_ASSIGNMENT:_
The pictures must be left out, while the rest of the data is copied exactly.

_GIVEN INFORMATION:_
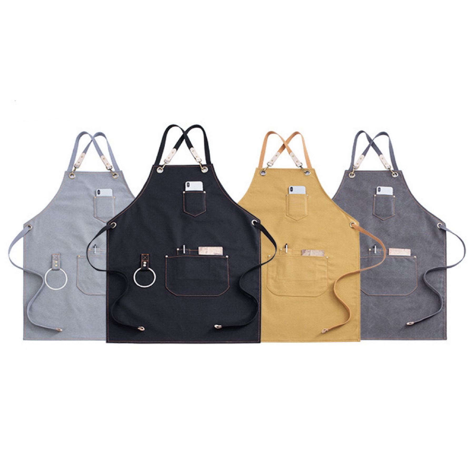 데님 앞치마 한국 스타일 미용 커피 우유 차 가게 웨이터 작업 옷 남녀 고정 맞춤 인쇄 로고 자수스토어 가기
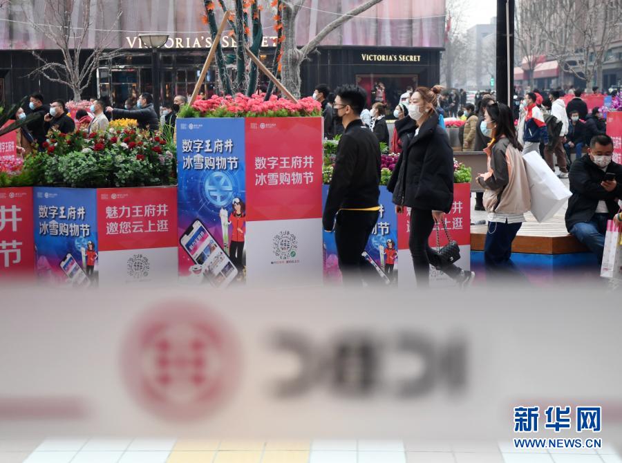 春节期间,“数字王府井冰雪购物节”数字人民币红包试点活动在王府井大街进行(2月12日摄)。新华社记者张晨霖摄
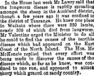 In the House last week Mr Lawry said that the lungworm disease is rapidly spreading amongst the sheep in the Auckland district, though a few years ago it was confined to the district of Tauranga. Ha knew one place in Waikato where there were 820 lambs, nearly 300 of which died from lungworm. Mr Valentine urged the Minister to do all he could to find the causes of the terrible disease which had appeared on the East Coast of the North Island. The Hon. Mr McKenzie replied that every eSort was being made to discover the causes of the disease which, so far as he knew, was confined to one tun, and appeared to attack Sheep which grazed oil sandy country.
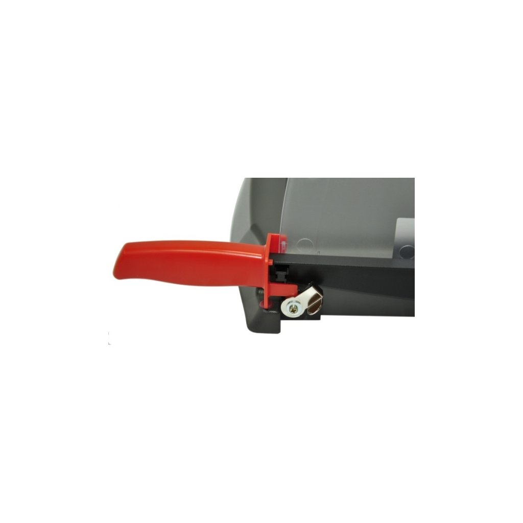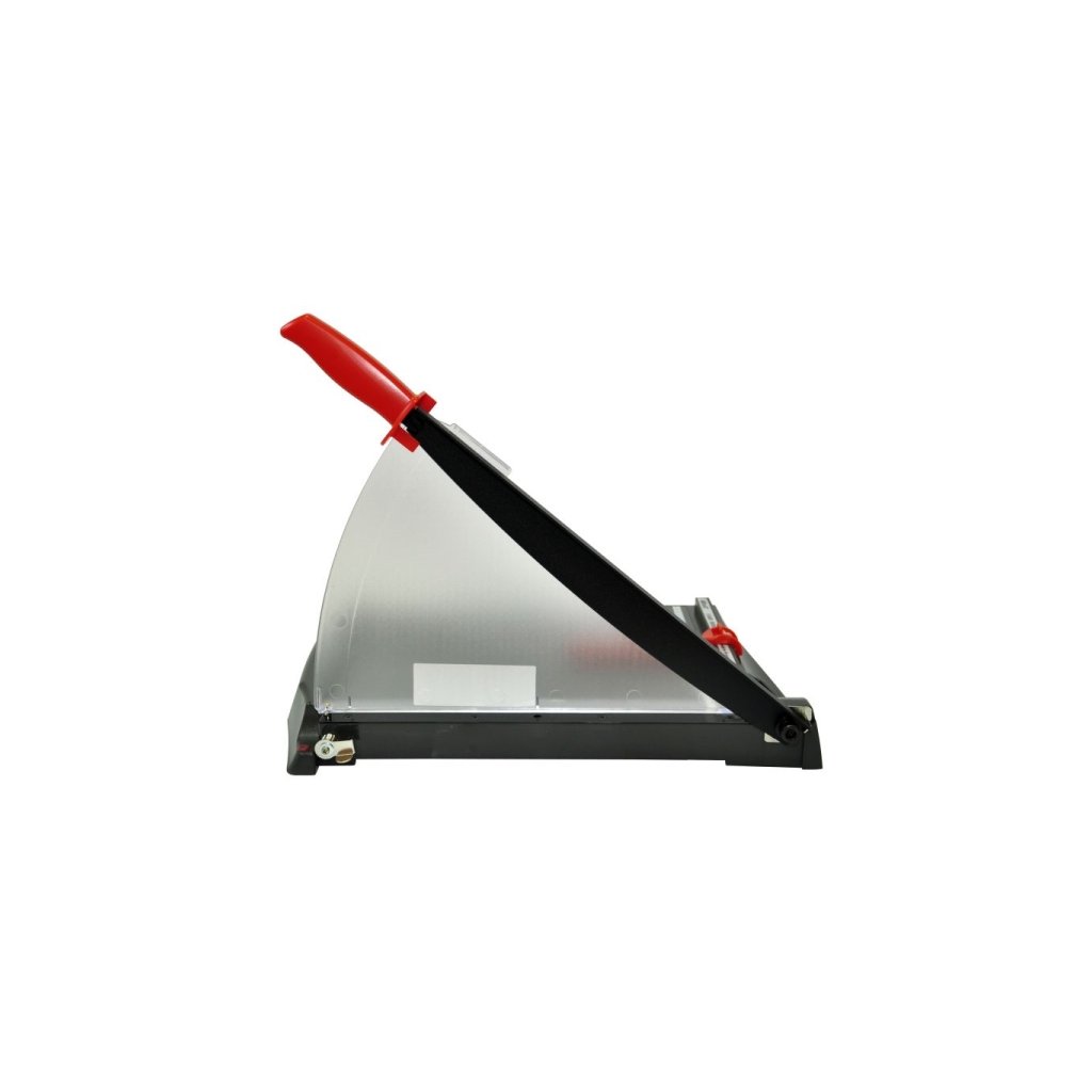 Páková řezačka, vhodná pro řez papíru do formátu A4, má maximální délku řezu 343 mm a kapacitu až 10 listů papíru najednou. Stabilitu zařízení při práci zajistí široká a pevná základna. Rozměr stolu: 337 x 473 mm. S vyznačenými měřítky a DIN formáty. Posuvný doraz papíru. Plastový ochranný kryt. Řezačka je ideální pro využití v kanceláři i domácnosti.

_RESPONSE:_
 데님 앞치마 한국 스타일 미용 커피 우유 차 가게 웨이터 작업 옷 남녀 고정 맞춤 인쇄 로고 자수스토어 가기
 春节期间,“数字王府井冰雪购物节”数字人民币红包试点活动在王府井大街进行(2月12日摄)。新华社记者张晨霖摄
 In the House last week Mr Lawry said that the lungworm disease is rapidly spreading amongst the sheep in the Auckland district, though a few years ago it was confined to the district of Tauranga. Ha knew one place in Waikato where there were 820 lambs, nearly 300 of which died from lungworm. Mr Valentine urged the Minister to do all he could to find the causes of the terrible disease which had appeared on the East Coast of the North Island. The Hon. Mr McKenzie replied that every eSort was being made to discover the causes of the disease which, so far as he knew, was confined to one tun, and appeared to attack Sheep which grazed oil sandy country.
 Páková řezačka, vhodná pro řez papíru do formátu A4, má maximální délku řezu 343 mm a kapacitu až 10 listů papíru najednou. Stabilitu zařízení při práci zajistí široká a pevná základna. Rozměr stolu: 337 x 473 mm. S vyznačenými měřítky a DIN formáty. Posuvný doraz papíru. Plastový ochranný kryt. Řezačka je ideální pro využití v kanceláři i domácnosti.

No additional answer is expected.